Cornald travels to Asia to make a name for himself in micro-finance, supported by Kent who has given him contacts to start with. Gregory and Henry divide the rest, and try to keep the business, well, in business. Henry is a true businessman, he knows what he’s doing, Gregory has less business sense, he’s more in it for the money. It’s not long before tragedy starts to strike. Cornald has little success in Asia, and is being extorted and threatened to give up the business secrets of Lear Inc. The dividing of the company has scared investors and stockholders and the stocks are plummeting. Gregory and Henry try within their ability, but they can’t turn the tide.
While this happens Queen Lear tries her best to stay relevant and on top of things, manipulating the people around her as she has always done. But things are changing. Her mind is slipping, she becomes forgetful and doesn’t always recognize people anymore. Alzheimer’s is getting its clutches into her. This is good for Kent, as this allows him to stick around and try to help her, and Cornald, for whom he has a soft spot.
Besides Kent there is also Oleg, Queen Lear personal assistant and caretaker. He’s a young immigrant from Eastern Europe who sends most of the money he makes back home to his mother. Because of that, he feels deeply for Queen Lear as she reminds him of his own mother. This is not explicitly said in the play, but we had the luck that the introduction to the play was an interview with Vanja Rukavina, who plays Oleg, which gave us some extra insight into his character and the relationship between him and Queen Lear.

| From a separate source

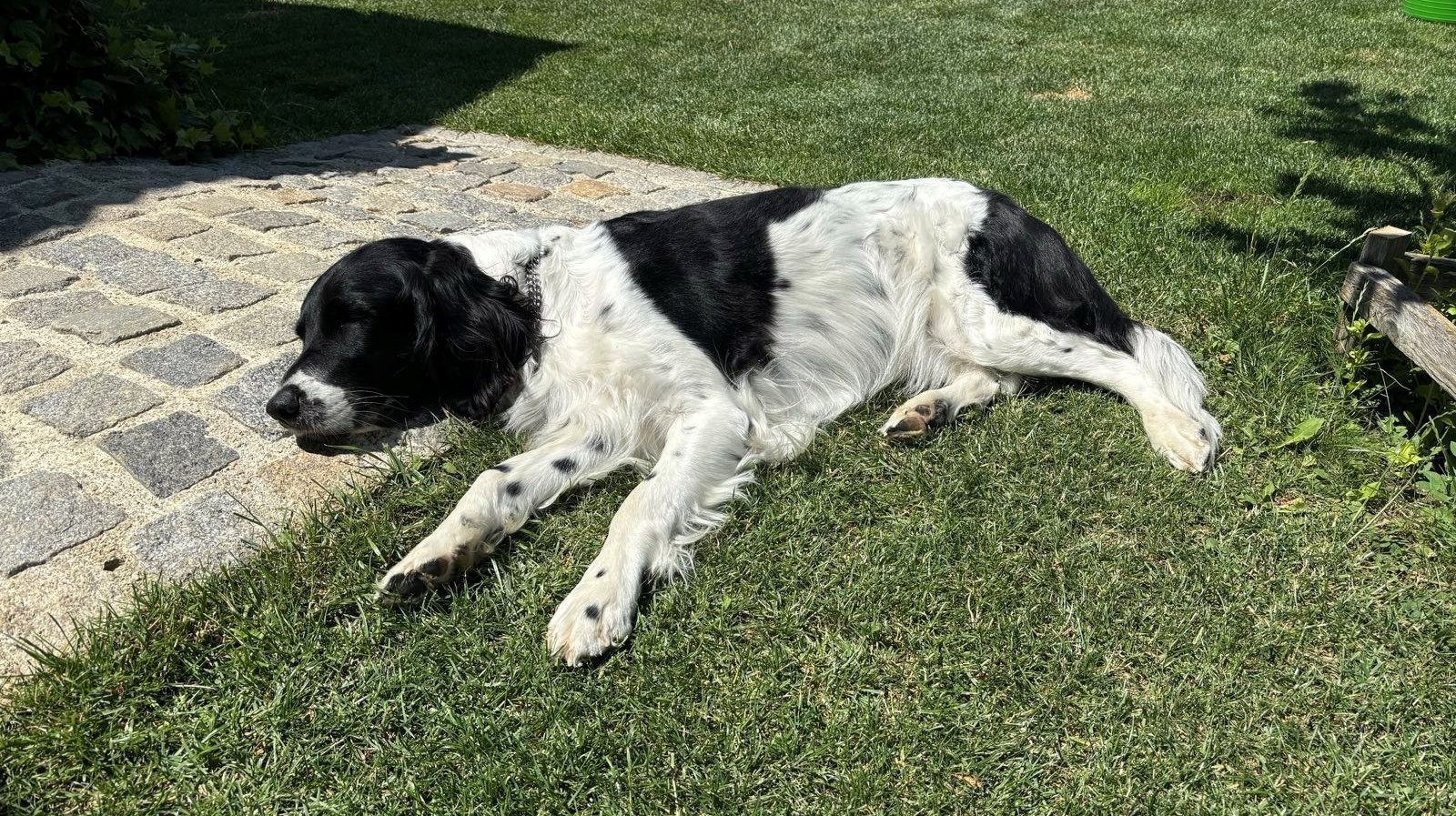 Das Ernährungsverhalten von Falka hat sich geändert, es ist als ob sie an morgendlicher Übelkeit leiden würde, denn sie frisst in der Früh so gut wie gar nichts. Dafür haut sie dann abends rein und holt alles wieder auf. Man merkt, dass sie viel Ruhe benötigt, sie liegt gerne in der Sonne (derzeit nur bis zum frühen Vormittag, denn dann wird es zu heiß) und manchmal zieht sie sich in die Wurfbox zurück, die wir im Wohnzimmer aufgebaut haben. Mit Gretel versteht sie sich momentan gar nicht, die Hormone sorgen dafür, dass sie ihre Welpen beschützt, obwohl die noch gar nicht auf der Welt sind. Jedenfalls ist es eine spannende Zeit für uns alle!

As the business is going under, Queen Lear is forced to cull the number of servants. She protests heavily but both brothers will not budge. Oleg calls his mother to tell her that he will not be able to send more money as the business is not doing well. We can’t understand this, as the conversation is in Bosnian, but Rukavina lifted the veil on that for those who were at the introduction 🙂
After the call, Queen Lear comes in, dejected, angry, confused, and in need of kindness and love. Her underlying attraction to Oleg comes to the surface and she tries to seduce him. While unwilling at first, he eventually consents and they end up in bed together.
This scene was added at the specific request of Frieda Pittoors, who wanted to explore a relationship that is still often seen as taboo. Older men with young trophy wives or lovers are generally applauded for landing such a conquest, while an older woman with a young boyfriend or husband is seen as weird.

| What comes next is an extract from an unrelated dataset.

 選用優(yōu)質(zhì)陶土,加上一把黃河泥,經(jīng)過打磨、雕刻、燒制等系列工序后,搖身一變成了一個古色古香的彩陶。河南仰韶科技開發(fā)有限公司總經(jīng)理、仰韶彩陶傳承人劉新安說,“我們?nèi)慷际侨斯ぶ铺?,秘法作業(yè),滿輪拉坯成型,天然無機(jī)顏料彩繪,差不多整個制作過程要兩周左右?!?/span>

After another argument with her sons and their wives, Queen Lear runs out of the building, into a terrible storm. She wanders around, lost, desolate and in the grip of her disease. She throws a monologue into the storm before she is found by Oleg who tries to take her home. They meet a homeless junk who she, in her delirium, mistakes for her youngest son Cornald (not quite coincidentally played by the same actor :D).

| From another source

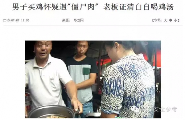 消费者也吓得不轻??!有媒体报道,某男子买鸡怀疑遇到“僵尸肉”,老板为证清白自己喝下鸡汤。

Eventually, Queen Lear is back home, still lost in her mind. Cornald has returned home, but she does not recognise him. The children fight over the downfall of the company. Henry has a plan to save what remains, Gregory is mostly on board, but Cornald disagrees. Kent is also present, still blinded from an earlier fight where Gregory attacked him. And so, with all present, tension mounts, drama unfolds and we move towards the inevitable tragedy of death, and a woman permanently lost in her own mind.
The play is a masterful adaptation of the original. The changes have made the story stronger, and relevant for current society. The actors are all quite good, but Frieda Pittoors knocks her part out of the park, she is fantastic. She manages to convey the loss of self through Alzheimer so very well.